I will try to share my experience regarding this question. Please note I am
neither an educator or a mathematician. Take this opinion with a grain of
salt. (Also, I hope this was not just some rethorical question)

1\. I'd say "basic math" is a fairly complex beast. The difference being that
children in elementary school are taught how to _do_ math, not _how_ or _why_
math works. It is one thing to be set to memorize a collection of established
facts (like multiplication tables), shown how to use those to solve some
highly constrained problem (the typical pen and paper multiplication
algorithm) and then set to practice the method (lots of multiplication
problems for homework). It is a very different thing to be shown the
definition of a concept (Abelian groups) and then thrown into a bunch of
theorem proofs that "ought to make sense" on first sight (derive the
properties of basic, grade school, algebra by the rules of abstract algebra).
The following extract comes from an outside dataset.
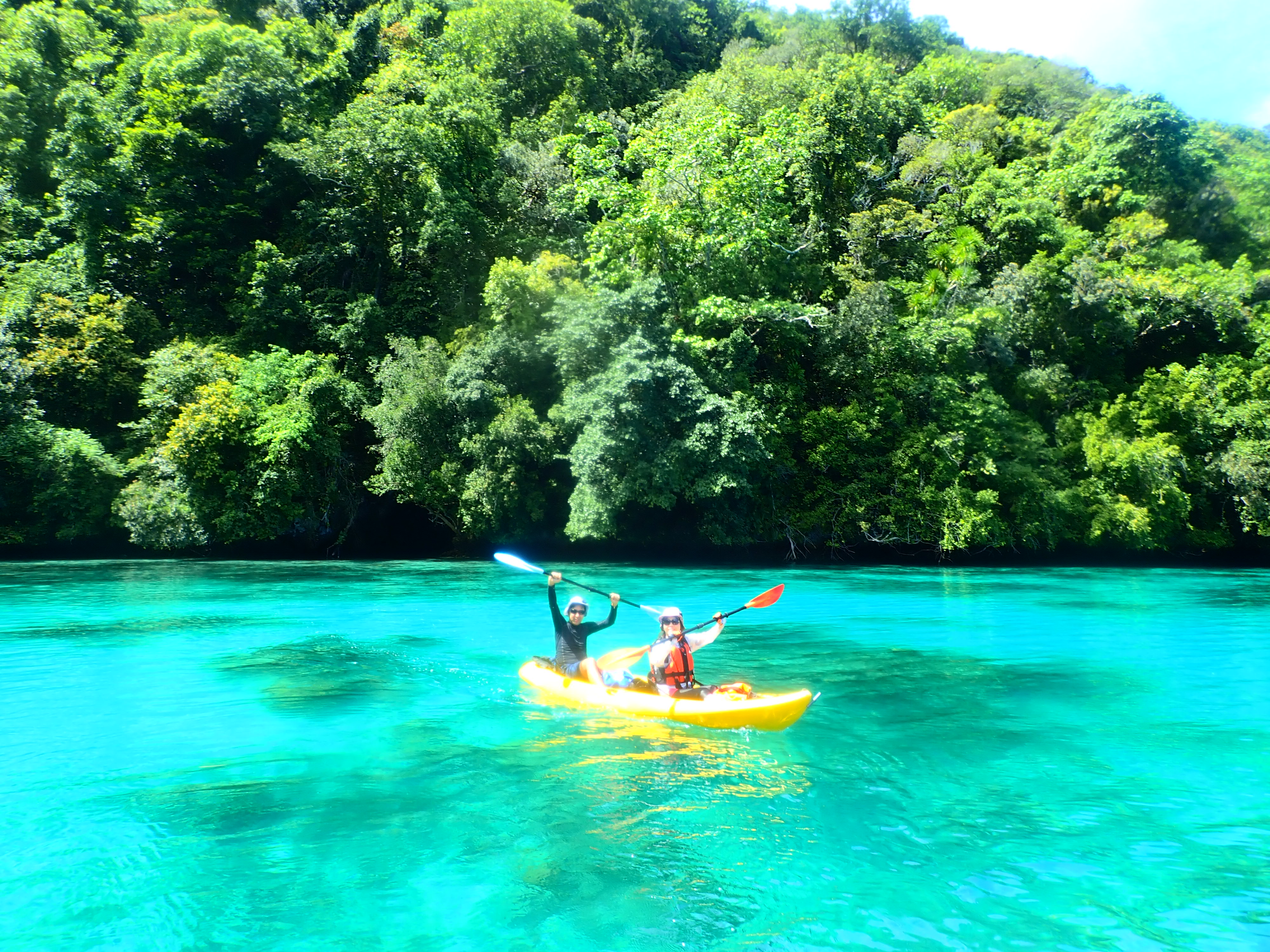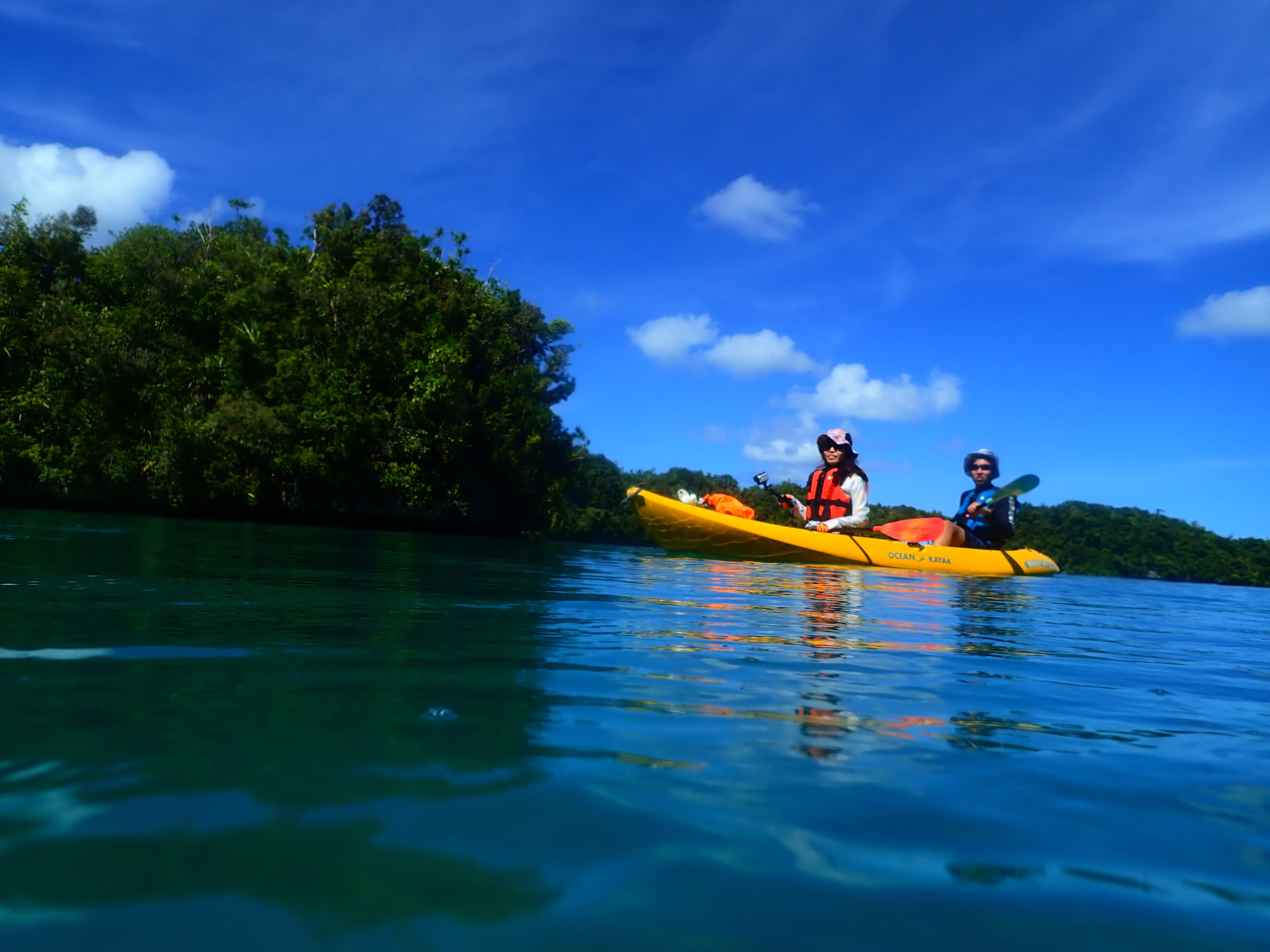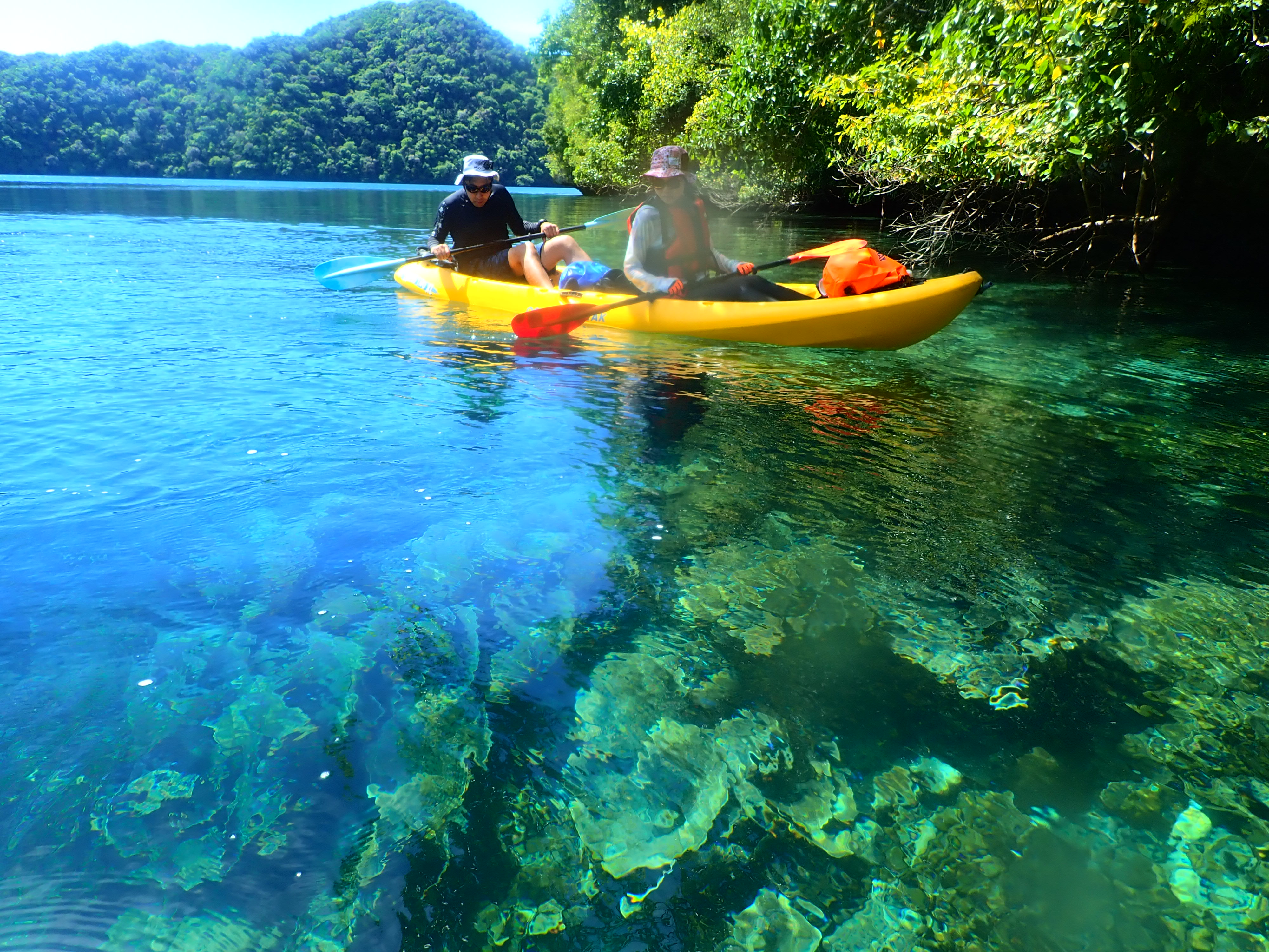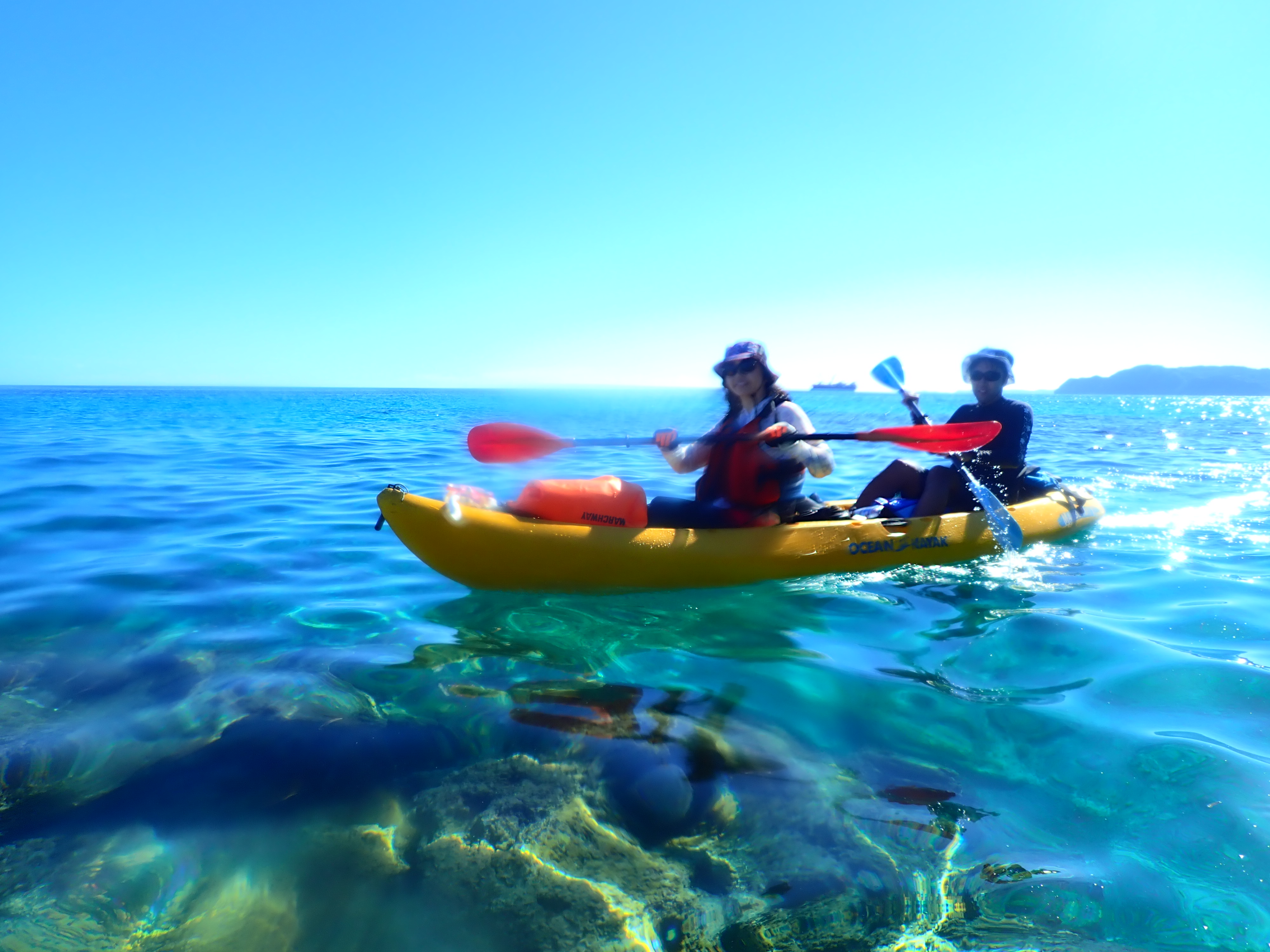 午前中が満潮につき、透明度抜群!クリスタルブルーの海をカヤックで漕ぐのは心地よい時間。

2\. An orthogonal point is that elementary school teachers have a more
polished "culture" of how to transfer knowledge to students. They take many
years to teach a relatively modest body of knowledge, starting from the most
simple cases (addition and subtraction of natural numbers), and then extending
to more general concepts (plus multiplication, plus division, plus
squares&square roots, etc) and at the same time deepening the usages (natural
numbers, integers, fractions, decimals, etc). Besides the core theme of
arithmetic, additional concepts are introduced as permitted by the level of
progress in this field (geometry, history and theory of numbers, numeric
bases) and the foundations of the next big theme for middle tier education
(algebra) are layered down.

Compare that to the ridiculous expectation of undergraduate level math
classes, where every field is to be self contained within one (or at most two)
term courses, and every session ought to introduce a new concept. University
professors are able to get away with this because those courses are not a
graduation requirement for most of the students, so most of those are allowed
to fall from the back of the train and only the most talented, persistent and
courageous ones succeed.

3\. Then there is the students themselves. In general, even though individual
dedication of children will vary according to both self curiosity and parental
enforcement, it can be said that all children are expected to more or less
grasp what is this arithmetic thing about. Children either do apply themselves
or not, but they do not tend to question the need to memorize all those facts
or practice those exercises. Once and adult student reaches university level
math courses, it has been instilled in their brain that "memorization" is a
debased form of intellectual pursuit and that they ought to be trying and
looking for the underlying patterns in their subject of study. Armed with this
false belief and under the pressure of unreasonable deadlines, the natural
thing to do is to weasel out of the hard work required to truly appropriate a
piece of knowledge and try to find some way to "get it" without actually
"going through it all".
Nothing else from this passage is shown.